The dogs attend an intensive 12-week course and must pass an evaluation. The training includes basic obedience, public access exposure and scent detection.

“I got to Vegas and saw 20 puppies. I was told not to play with them so I sat still,” said Cummins. One dog came and sat at her feet and never moved. At one point, when Cummins’ blood sugar dropped to 62, the dog began licking Cummins’ feet.

“That was it. She chose me,” said Cummins, who named the Labradoodle, “Pierre Michelle.” As part of the scent training, Cummins mailed several frozen cotton balls saturated with her saliva to the Nevada training center. Each cotton ball had a different blood sugar level and Pierre Michelle was trained to detect the high and low glucose levels.

“She can fetch an orange juice from the pantry and open the can with her teeth when I get too low,” said Cummins, who turns 60 on October 20th. In one of the scariest episodes, Cummins was driving with Pierre Michelle in the back seat. As Cummins’ blood sugar levels dropped, Pierre Michelle jumped into the front seat and began to paw at her owner to keep her alert. When an ambulance arrived, the 70-pound dog would not allow anyone near Cummins until her owner told her to sit. Before she got the service dog, Cummins said there was one scary accident that landed her car under a gas truck.

Not only is Pierre Michelle a friend to Cummins, but she has grown to love an extended family. Cummins married her husband, Kerry four years ago. Together, they have a blended family of six children, 14 grandchildren, and four great grandchildren.

Not long after Cummins acquired Pierre Michelle, she was listed for a pancreas transplant. In March 2015, in the care of IU Health’s Dr. Jonathan Fridell, she received a new pancreas. Pierre Michelle was again trained to detect the sugar levels of her owner post-transplant. Cummins enjoyed improved health until two years later when she was diagnosed for the second time with breast cancer. Ten years had passed since her first diagnosis. In the care of Dr. Bryan Schneider she underwent radiation. During one of her treatments, Pierre Michelle jumped onboard the bed as Cummins was wheeled down the hospital hall.

It was during her second cancer diagnosis that Cummins was introduced to IU Health’s Cancer Resource Center and CompleteLife Program. Located on the first floor of Simon Cancer Center the programs offer information and education to help cancer patients navigate their cancer journey. Patients also have access to support groups and complimentary yoga, music, art, and massage therapies.

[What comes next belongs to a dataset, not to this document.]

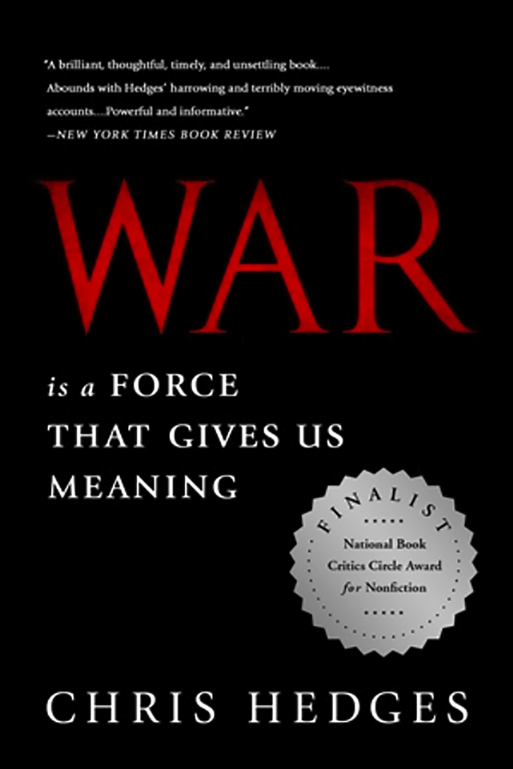 Chris Hedges of The New York Times has seen war up close — in the Balkans, the Middle East, and Central America — and he has been troubled by what he has seen: friends, enemies, colleagues, and strangers intoxicated and even addicted to war’s heady brew. In War Is a Force That Gives Us Meaning, he tackles the ugly truths about humanity’s love affair with war, offering a sophisticated, nuanced, intelligent meditation on the subject that is also gritty, powerful, and unforgettable.

Cummins was given some art materials to help her pass the time in the hospital.

“I found it quiet and peaceful and encouraging. It got me to think of others and I made scarves to donate to other patients,” she said. During a recent checkup she returned to the Cancer Resource Center in hopes of volunteering her time.

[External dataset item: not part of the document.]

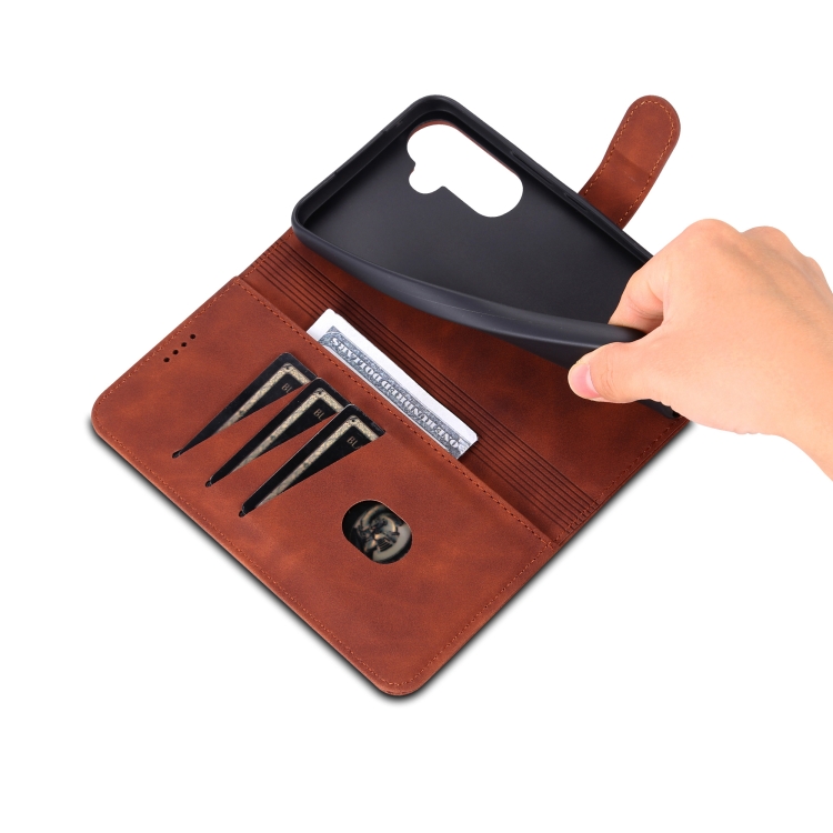 Funda de Cuero con Tapa para Samsung Galaxy A05S Azns Skin Feel Calf Texture (Marrón)

And of course she’ll bring Pierre Michelle along on her return hospital visits.

“We’ve been through quite a lot together,” said Cummins. Her faithful companion has accompanied her several times on a plane, aboard a boat on the Florida coast, and always in the car.

“Not only has she gotten me through my share of hospital visits, she too, has had hip replacements and ACL surgery. We’re in it together.”